Bushmaster: +1 basic combat or terrain feat.
Equipment
Gear Picks: 2
Resource Points: 2
Standard SG Team Bundle:
unmarked weatherproof sea bag
2 sets BDUs, terrain-appropriate w/ matching baseball cap and combat boots
load-bearing harness & tactical deployment vesty
magnetic compass
canteen
flashlight
GDO
MREs, 1 day
tactical deployment vest (Defense modifier +0; damage reduction 3; weak vs. chemical, explosive; max Dex bonus +3; armor check penalty -1)
tactical radio
FN P90 w/ sling & 60 rounds of ammo
1 Duty Bundle, selected based on anticipated terrain
1 Weapons Bundle, usually frontal assault bundle:
M16A3 assault rifle w/ laser sight, sling, & 240 rounds of ammo
Notes and Afterthoughts
Stargate is one of those intellectual properties that would lend itself fantastically well to an RPG… that wasn’t class/level. In that, this game is among the many victims of the d20/OGL bubble, a great setting bolted awkwardly to a mechanical framework that never aligned with the stories it wanted to tell. In terms of those rules, it was something of a Spycraft 1.1, incorporating the first pass at refinements that would appear in Spycraft 2.0 a few years later.

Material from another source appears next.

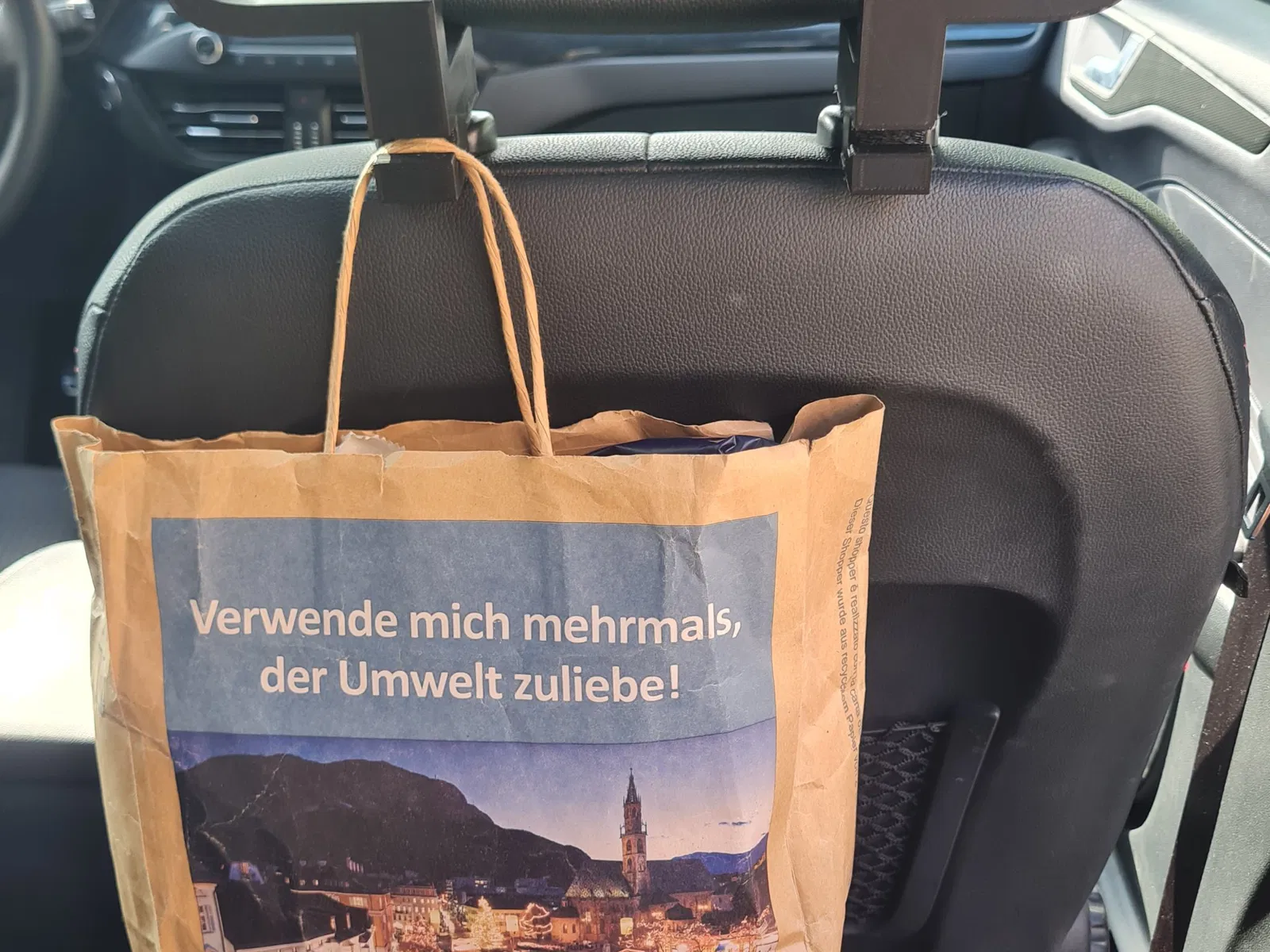 Tôi đã tạo ra mẫu này để có một móc treo tích hợp trong xe và không cần phải mang từ nhà nữa! Tôi cũng đã thêm hai móc để giữ hai túi phòng trường hợp cần thiết. 👔🛍

I’ve long entertained myself by using U.S. Air Force special operations personnel for character concepts. Partially, it’s a bit of catering to the underdogs – AFSOC just doesn’t get the popular culture exposure that SF, Rangers, SEALs, and so forth do. But I also like the incongruity of a character who comes from an elite career field within an arm of service that isn’t generally known for land warfare. Of the functions within AFSOC, the Special Operations Weather Technician field (recently shifted away from its meteorological focus and redesignated Special Reconnaissance) strikes the right balance of competence and wait, what? for a Stargate SG-1 PC.
The Scout class is Spycraft/Stargate SG-1‘s answer to D&D’s Ranger – and, in my mind, fills a lot of the Ranger’s power fantasy better than the Ranger actually does.